**WHAT IS BEING ASKED**
Everything below from the line with "Before the image" through the line with "For Samsung Galaxy" should be copied exactly, and nothing else; leave out the pictures.

**DATA TO USE**

_ _ _ _

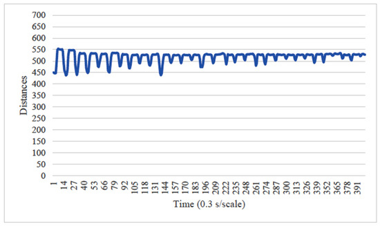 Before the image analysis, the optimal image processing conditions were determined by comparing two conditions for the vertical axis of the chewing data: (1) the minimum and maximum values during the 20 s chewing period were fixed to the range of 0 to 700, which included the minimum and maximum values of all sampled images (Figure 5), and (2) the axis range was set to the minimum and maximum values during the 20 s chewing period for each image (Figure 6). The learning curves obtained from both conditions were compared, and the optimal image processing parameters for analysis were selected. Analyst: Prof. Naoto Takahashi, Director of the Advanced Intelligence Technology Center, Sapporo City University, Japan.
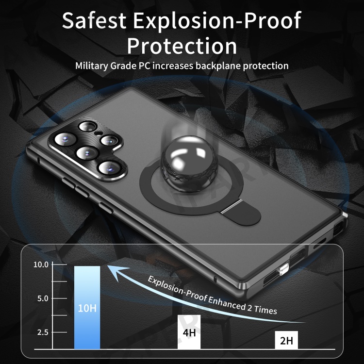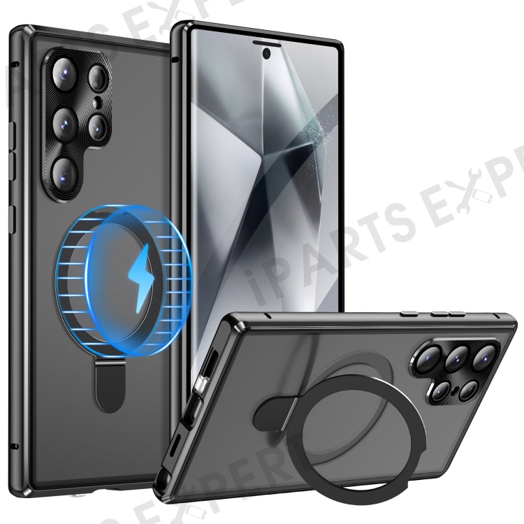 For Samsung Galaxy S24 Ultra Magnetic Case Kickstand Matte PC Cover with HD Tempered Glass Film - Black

_ _ _ _

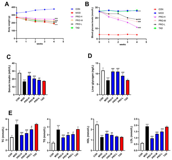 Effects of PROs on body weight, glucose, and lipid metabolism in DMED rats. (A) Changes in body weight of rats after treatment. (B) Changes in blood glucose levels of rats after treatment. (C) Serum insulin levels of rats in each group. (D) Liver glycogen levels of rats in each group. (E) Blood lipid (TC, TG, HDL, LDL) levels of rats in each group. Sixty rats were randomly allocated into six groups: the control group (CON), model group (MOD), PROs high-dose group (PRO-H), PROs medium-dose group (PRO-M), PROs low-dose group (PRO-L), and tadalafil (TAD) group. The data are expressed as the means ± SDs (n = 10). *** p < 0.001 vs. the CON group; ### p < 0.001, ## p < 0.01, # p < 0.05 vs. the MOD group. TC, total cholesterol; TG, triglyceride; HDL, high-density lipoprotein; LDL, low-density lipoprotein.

_ _ _ _

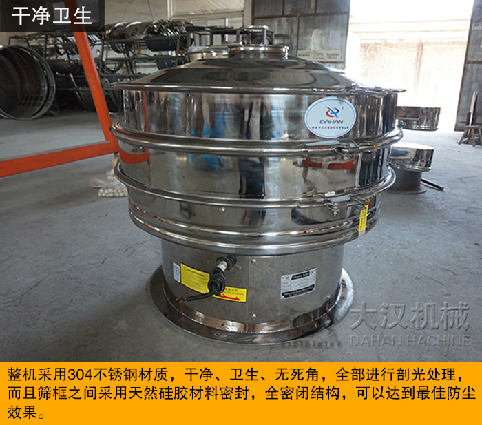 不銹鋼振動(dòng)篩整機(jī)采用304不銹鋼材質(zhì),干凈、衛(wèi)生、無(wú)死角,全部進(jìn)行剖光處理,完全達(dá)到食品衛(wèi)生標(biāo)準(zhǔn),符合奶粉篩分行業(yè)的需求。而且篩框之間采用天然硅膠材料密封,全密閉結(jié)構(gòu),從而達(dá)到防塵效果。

_ _ _ _

**THE COMPLETED TASK**
 Before the image analysis, the optimal image processing conditions were determined by comparing two conditions for the vertical axis of the chewing data: (1) the minimum and maximum values during the 20 s chewing period were fixed to the range of 0 to 700, which included the minimum and maximum values of all sampled images (Figure 5), and (2) the axis range was set to the minimum and maximum values during the 20 s chewing period for each image (Figure 6). The learning curves obtained from both conditions were compared, and the optimal image processing parameters for analysis were selected. Analyst: Prof. Naoto Takahashi, Director of the Advanced Intelligence Technology Center, Sapporo City University, Japan.
 For Samsung Galaxy S24 Ultra Magnetic Case Kickstand Matte PC Cover with HD Tempered Glass Film - Black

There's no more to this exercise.